» Work required
Of the lines in the material below, print only those from the one containing "近日,新浪微博官方公布今年2" to the one containing "Πασχαλινή λαμπάδα διακοσμημένη", ends included, exactly as written and without pictures.

» Data under study
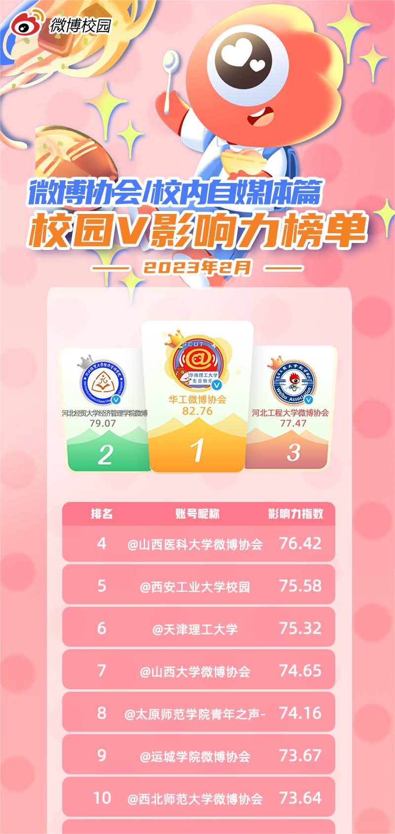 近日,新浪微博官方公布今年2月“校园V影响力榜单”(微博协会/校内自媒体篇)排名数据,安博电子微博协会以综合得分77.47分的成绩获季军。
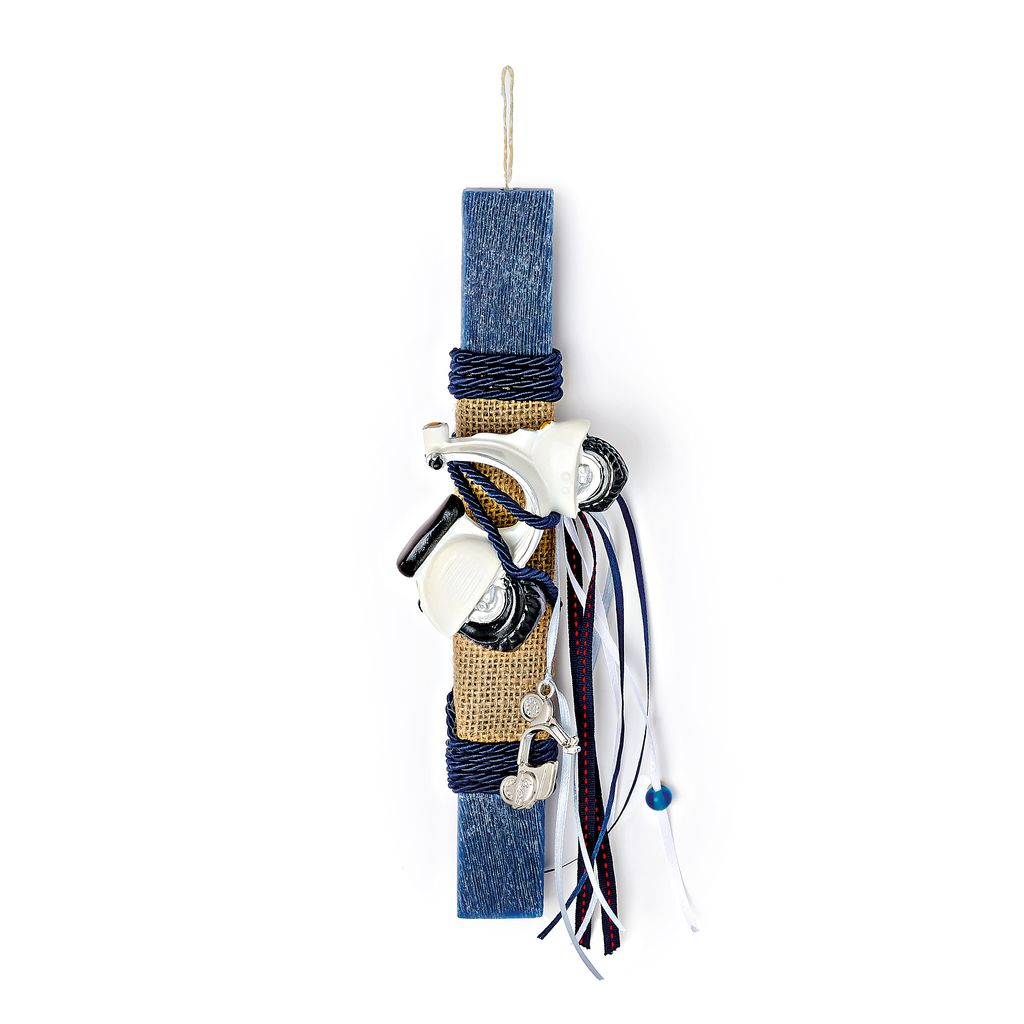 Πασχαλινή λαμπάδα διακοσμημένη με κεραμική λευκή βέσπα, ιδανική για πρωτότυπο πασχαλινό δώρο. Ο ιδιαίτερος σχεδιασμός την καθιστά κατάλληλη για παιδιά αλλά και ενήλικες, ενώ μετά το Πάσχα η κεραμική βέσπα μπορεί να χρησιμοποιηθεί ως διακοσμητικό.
* * *
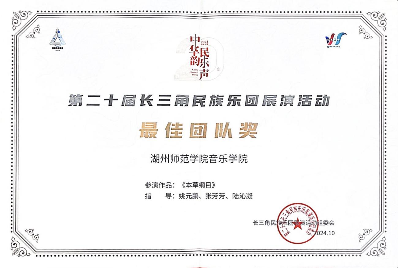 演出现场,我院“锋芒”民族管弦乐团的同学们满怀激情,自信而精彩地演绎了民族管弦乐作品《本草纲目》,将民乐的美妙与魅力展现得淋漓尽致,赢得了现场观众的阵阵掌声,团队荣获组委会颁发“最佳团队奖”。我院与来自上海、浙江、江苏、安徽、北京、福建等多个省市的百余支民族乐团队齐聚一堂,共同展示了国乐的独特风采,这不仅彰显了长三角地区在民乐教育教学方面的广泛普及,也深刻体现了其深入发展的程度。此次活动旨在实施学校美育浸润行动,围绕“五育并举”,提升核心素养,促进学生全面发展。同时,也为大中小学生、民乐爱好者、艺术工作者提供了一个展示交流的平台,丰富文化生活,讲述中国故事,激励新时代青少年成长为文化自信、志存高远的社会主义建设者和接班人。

» Answer area
 近日,新浪微博官方公布今年2月“校园V影响力榜单”(微博协会/校内自媒体篇)排名数据,安博电子微博协会以综合得分77.47分的成绩获季军。
 Πασχαλινή λαμπάδα διακοσμημένη με κεραμική λευκή βέσπα, ιδανική για πρωτότυπο πασχαλινό δώρο. Ο ιδιαίτερος σχεδιασμός την καθιστά κατάλληλη για παιδιά αλλά και ενήλικες, ενώ μετά το Πάσχα η κεραμική βέσπα μπορεί να χρησιμοποιηθεί ως διακοσμητικό.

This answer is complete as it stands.